Der Spitzwegerich (Plantago lanceolata) kommt in ganz Europa, Nord- und Mittelasien in großen Mengen vor und wächst bevorzugt auf trockenen Wiesen, an Wegrändern und auf Äckern.

Die Indianer Nordamerikas nannten ihn «Fußstapfen des weißen Mannes», weil sich seine schleimhaltigen Samen an Räder und Fußsohlen geheftet haben und so nach Amerika gekommen sind und sich dadurch im ganzen Land verbreitet haben. Das griechische «plantago» heißt übersetzt «Fußsohle» und weist auf die Verwendung des Breitwegerichs bei Wanderungen hin. Dort schützt es die Fußsohle vor Blasen.

Spitzwegerich – die unscheinbare Pflanze

Spitzwegerich bildet eine grundständige Blattrosette mit 20-40cm langen, schmalen, lanzettförmigen Blättern, aus deren Mitte ein langer, aufrechter Stengel wächst, an dessen Ende eine kuglige, fast farblose Blüte sitzt.

Spitzwegerich-Blätter
Photo by Pixabay

Die Spitzwegerichblätter können ab Frühjahr und dann den ganzen Sommer hindurch geerntet werden. Am besten ernten Sie die frischen Blätter kurz vor der Blüte. Diese können dann frisch zu Tee, Tinkturen oder Sirup verwendet und natürlich getrocknet werden. Der Geschmack der frischen Droge ist etwas bitter und schleimig, deshalb kommt der Spitzwegerich bei mir nur zu kleinen Anteilen in frische Frühlingssalate. Diese Pflanze gehört aber unbedingt, in welcher Form auch immer, in jede Hausapotheke hinein.

Die Hauptanwendungsgebiete sind Atemwegs- und bei Hauterkrankungen.

Spitzwegerich bei Atemwegserkrankungen

In dieser Pflanze finden wir einen hohen Anteil an Schleimstoffen (bis 6%), diese wirken reizlindernd und schützen angegriffene Schleimhäute. Durch die Wirkung verschiedener Schleimstoffe kommt es auch zu einer Produktionssteigerung von Granulozyten, also auch zu einer gewissen immunstimulierenden Wirkung. Außerdem finden wir bis zu 5% Gerbstoffe und 2% Aucubin. Aucubin gehört in die Gruppe der Glycoside und wirkt antibiotisch.

Leider werden bei der Teeherstellung die dazu notwendigen Enzyme inaktiviert, so dass die antibiotische Wirkung bei Tee verloren geht.
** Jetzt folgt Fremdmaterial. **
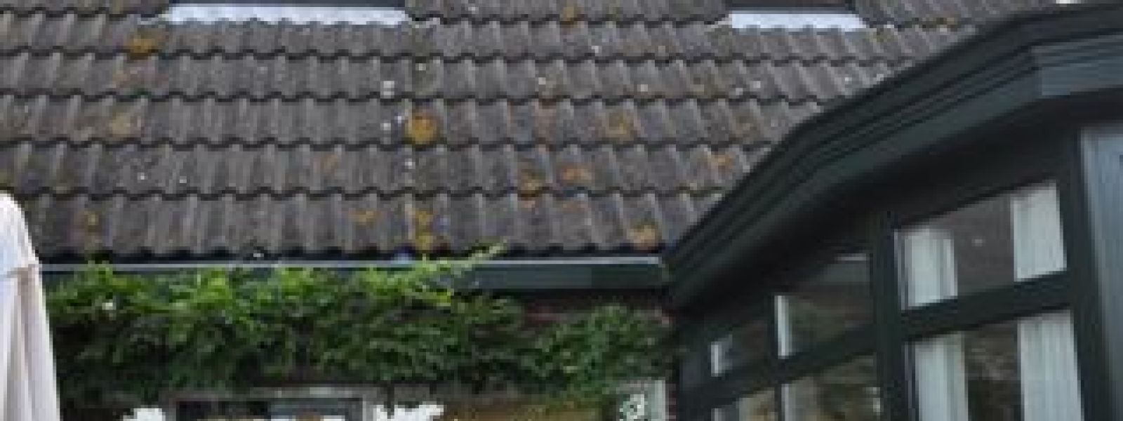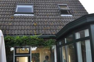 Twee-onder-een-kap woning met aangebouwde serre en verbouwde garage met verlengd dak over de entree.
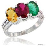 10K White Gold Natural Citrine, Ruby & Emerald Ring 3-Stone Oval 7x5 mm Diamond Accent
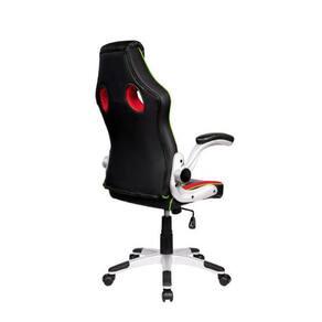 Assento com ajuste de altura, estofado e revestido em Couro Pu Preto com detalhes Vermelho e Verde;
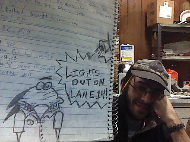 I really should get a scanner or a nice camera, seeing as how I've started drawing again. Anyways, I got bored at work today and drew this little doodle of Daggett enjoying my job, the fine art of a being a bowling alley mechanic. I imagine he'd do just fine at it. Until he broke everything. XD

Aber in Frischpflanzenpresssaft haben wir diese Wirkung. Der Saft des Spitzwegerichs schimmelt durch das Aucubin auch nicht, die Säfte der meisten anderen Pflanzen schon. Außerdem beinhaltet die Pflanze noch beträchtliche Mengen an Kieselsäure, Flavonoiden, Vitaminen und Mineralstoffen.

Spitzwegerich-Tee
Photo by Pixabay

Insgesamt also wirken die Inhaltsstoffe reizmildernd, entzündungs- und hustenhemmend, gewebefestigend, antibakteriell und zusammenziehend.

Angewendet wird Spitzwegerich bei Katarrhen der Atemwege, bei akuten Bronchitiden, vor allem auch bei Reizhusten. Außerdem auch bei allen entzündlichen Veränderungen der Mund- und Rachenschleimhaut.
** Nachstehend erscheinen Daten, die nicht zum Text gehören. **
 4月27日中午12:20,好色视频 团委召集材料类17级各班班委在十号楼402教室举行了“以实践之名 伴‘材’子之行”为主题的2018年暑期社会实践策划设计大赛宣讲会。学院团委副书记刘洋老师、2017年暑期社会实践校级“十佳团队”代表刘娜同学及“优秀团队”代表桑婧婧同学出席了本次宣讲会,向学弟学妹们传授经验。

Besonders in der Kinderheilkunde wird Spitzwegerich sehr gern bei Husten und Reizhusten angewendet, man bezeichnet ihn auch oft als «pflanzliches Kodein». Wie Sie Spitzwegerich-Sirup für sich und ihre Kinder selbst herstellen können, erkläre ich Ihnen am Ende des Beitrages.
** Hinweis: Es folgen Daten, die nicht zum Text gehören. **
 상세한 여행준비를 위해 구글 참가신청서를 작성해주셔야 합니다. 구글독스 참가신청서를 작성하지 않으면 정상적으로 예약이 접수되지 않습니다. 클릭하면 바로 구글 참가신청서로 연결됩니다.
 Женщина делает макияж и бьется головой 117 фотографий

Anwendung bei Hauterkrankungen

Spitzwegerich gehört zu den bekanntesten und berühmtesten «Erste-Hilfe-Blättern», die man an jedem Wegesrand leicht finden kann. Seine wundheilenden Wirkungen sind schon lange bekannt. Im «Herbarius», einem Werk, das im Mittelalter hoch geschätzt war, befindet sich die «herba plantago» an erster Stelle der 130 genannten Heilpflanzen. In einem angelsächsischen Kräutersegen, niedergeschrieben im 11.Jahrhundert, wird der Wegerich neben dem Beifuß auch als «Mutter aller Kräuter» erwähnt. Er galt als eine Art Universalheilmittel. Durch alle Zeiten hindurch wird er als Mittel bei Hautverletzungen hervorgehoben. Der Spitzwegerich ist ein Heilkraut gegen Hieb-, Stich und Schnittwunden, das alle Menschen kennen sollten.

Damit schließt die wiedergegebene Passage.